- WHAT YOU ARE ASKED TO DO -
Restate the listing word for word; omit the images.

- DATA EXTRACT -
Segment Open

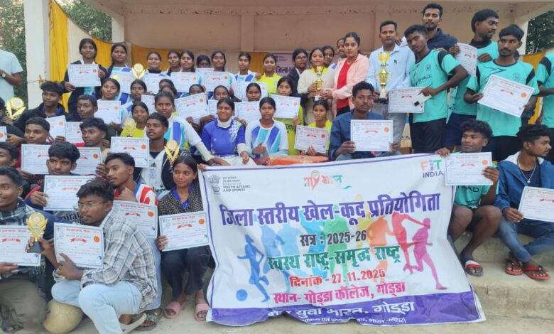 गोड्डा। गोड्डा कॉलेज के मैदान में युवा कार्यक्रम एवं खेल मंत्रालय, भारत सरकार के तत्वावधान में मेरा युवा भारत द्वारा जिला स्तरीय फुटबॉल एवं अन्य खेल प्रतियोगिता का सफल आयोजन किया गया। कार्यक्रम में मुख्य अतिथि के रूप में मोनालिसा कुमारी एवं विशिष्ट अतिथि नीलकंठ राय उपस्थित रहे।
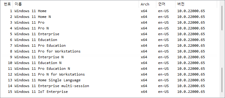 아래 파일은 UUP dump에서 배포하는 스크립트를 이용해서 MS에서 배포하는 파일(ESD, cab파일)로 만든 순수 ISO 파일입니다.
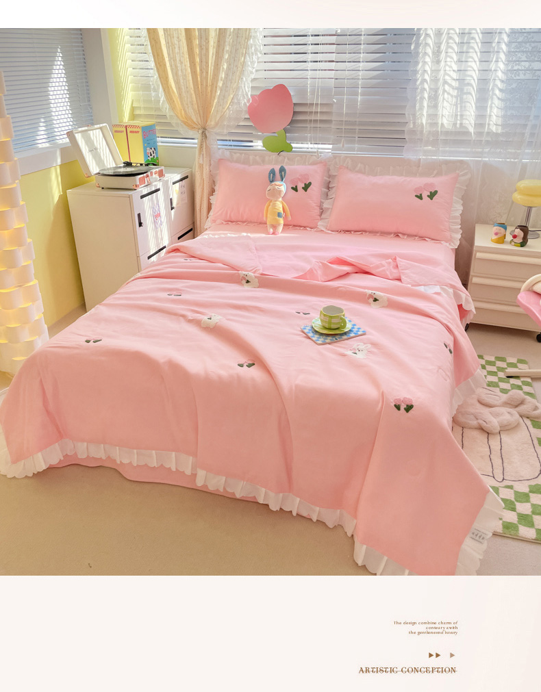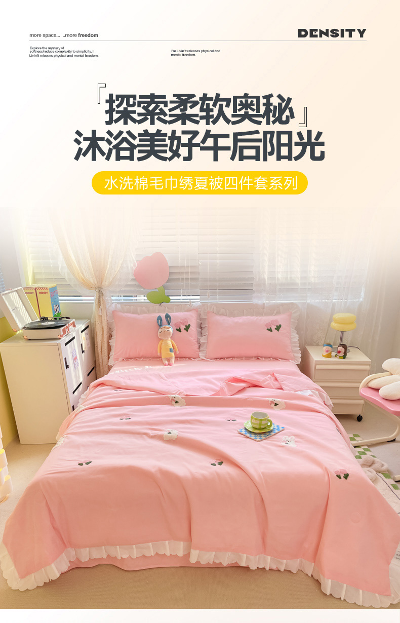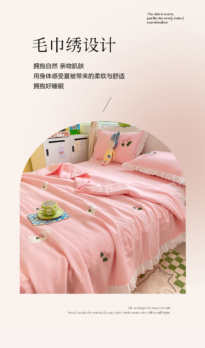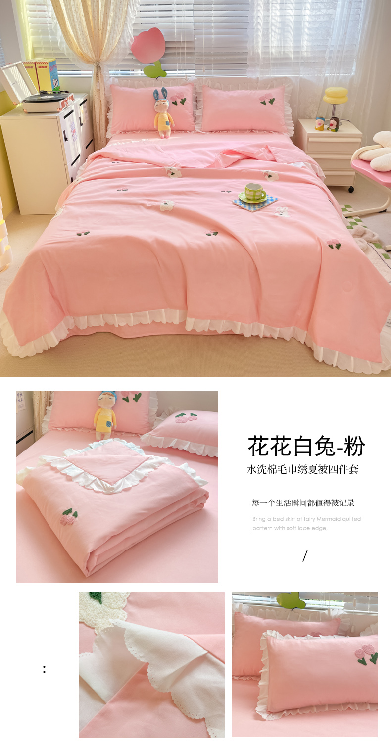 沐慕 2024新款毛巾绣印花夏被四件套 花花白兔-粉

Segment Closed

- TASK OUTPUT -
 गोड्डा। गोड्डा कॉलेज के मैदान में युवा कार्यक्रम एवं खेल मंत्रालय, भारत सरकार के तत्वावधान में मेरा युवा भारत द्वारा जिला स्तरीय फुटबॉल एवं अन्य खेल प्रतियोगिता का सफल आयोजन किया गया। कार्यक्रम में मुख्य अतिथि के रूप में मोनालिसा कुमारी एवं विशिष्ट अतिथि नीलकंठ राय उपस्थित रहे।
 아래 파일은 UUP dump에서 배포하는 스크립트를 이용해서 MS에서 배포하는 파일(ESD, cab파일)로 만든 순수 ISO 파일입니다.
 沐慕 2024新款毛巾绣印花夏被四件套 花花白兔-粉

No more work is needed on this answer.